DATA FOR THIS EXERCISE:
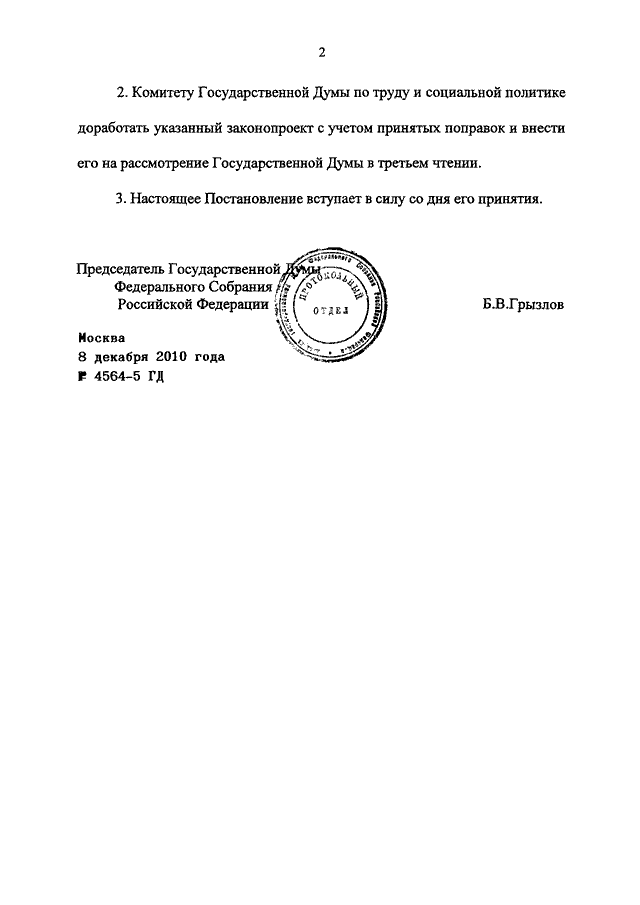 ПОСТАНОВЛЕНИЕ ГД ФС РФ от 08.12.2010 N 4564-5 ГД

...

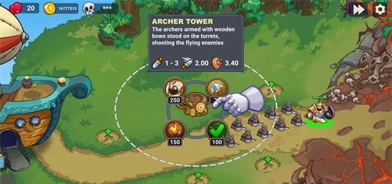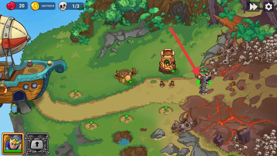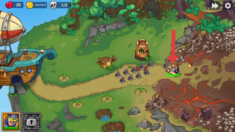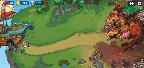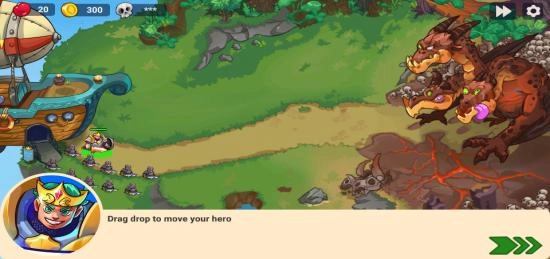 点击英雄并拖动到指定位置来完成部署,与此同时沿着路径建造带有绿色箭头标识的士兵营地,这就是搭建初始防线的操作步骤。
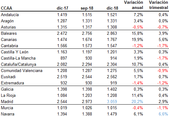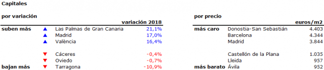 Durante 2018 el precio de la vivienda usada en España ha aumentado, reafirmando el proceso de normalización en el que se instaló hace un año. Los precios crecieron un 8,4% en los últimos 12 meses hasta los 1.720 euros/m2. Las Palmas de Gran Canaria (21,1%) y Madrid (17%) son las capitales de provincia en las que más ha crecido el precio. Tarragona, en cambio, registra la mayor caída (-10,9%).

...

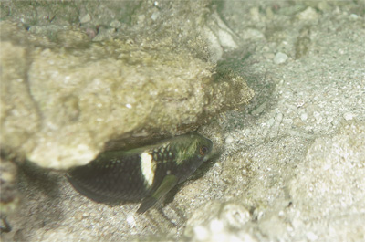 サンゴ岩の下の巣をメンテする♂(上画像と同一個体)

PROBLEM: In the listing above, find the line containing "点击英雄并拖动到指定位置来完" and the line containing "Durante 2018 el", then output those two lines and everything between them exactly as written, without the images.

TASK RESULT:
 点击英雄并拖动到指定位置来完成部署,与此同时沿着路径建造带有绿色箭头标识的士兵营地,这就是搭建初始防线的操作步骤。
 Durante 2018 el precio de la vivienda usada en España ha aumentado, reafirmando el proceso de normalización en el que se instaló hace un año. Los precios crecieron un 8,4% en los últimos 12 meses hasta los 1.720 euros/m2. Las Palmas de Gran Canaria (21,1%) y Madrid (17%) son las capitales de provincia en las que más ha crecido el precio. Tarragona, en cambio, registra la mayor caída (-10,9%).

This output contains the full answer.